SOURCE MATERIAL.
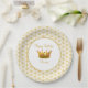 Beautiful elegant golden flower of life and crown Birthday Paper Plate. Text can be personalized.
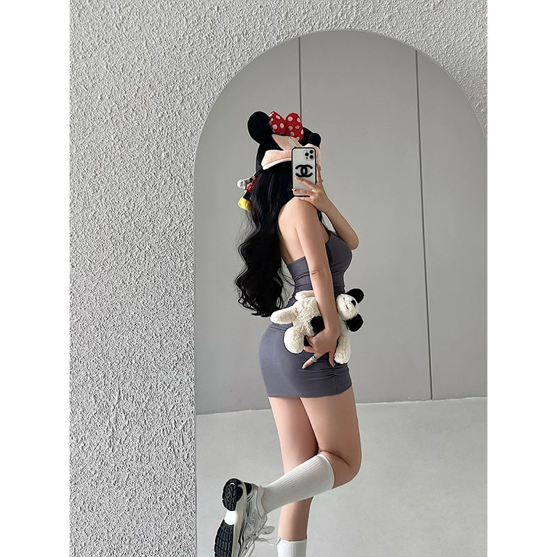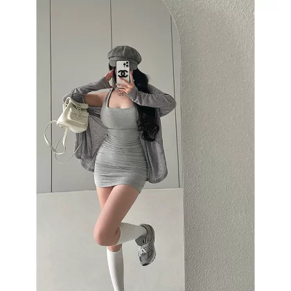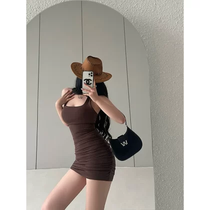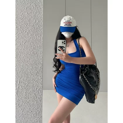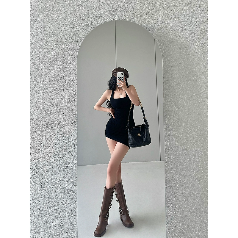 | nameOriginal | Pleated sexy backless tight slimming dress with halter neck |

* * *

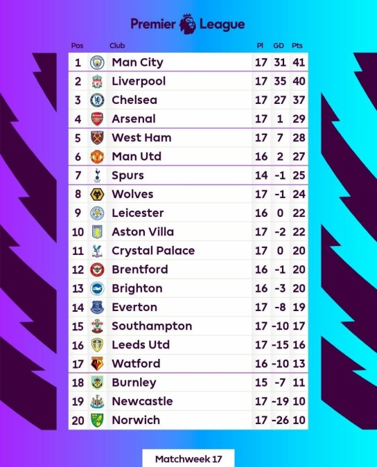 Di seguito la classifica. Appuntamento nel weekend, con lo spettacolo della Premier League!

* * *

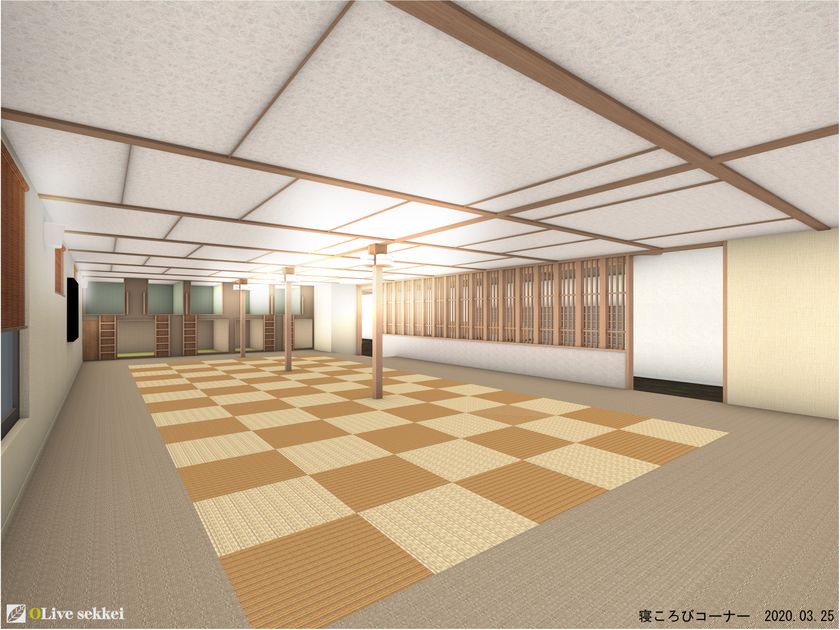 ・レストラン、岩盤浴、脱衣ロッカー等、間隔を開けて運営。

YOUR ASSIGNMENT.
From the listing above, repeat only the lines between the line containing "Beautiful elegant golden" and the line containing "halter neck |", those two included. Pictures are not part of the copy.

TASK SOLUTION.
 Beautiful elegant golden flower of life and crown Birthday Paper Plate. Text can be personalized.
 | nameOriginal | Pleated sexy backless tight slimming dress with halter neck |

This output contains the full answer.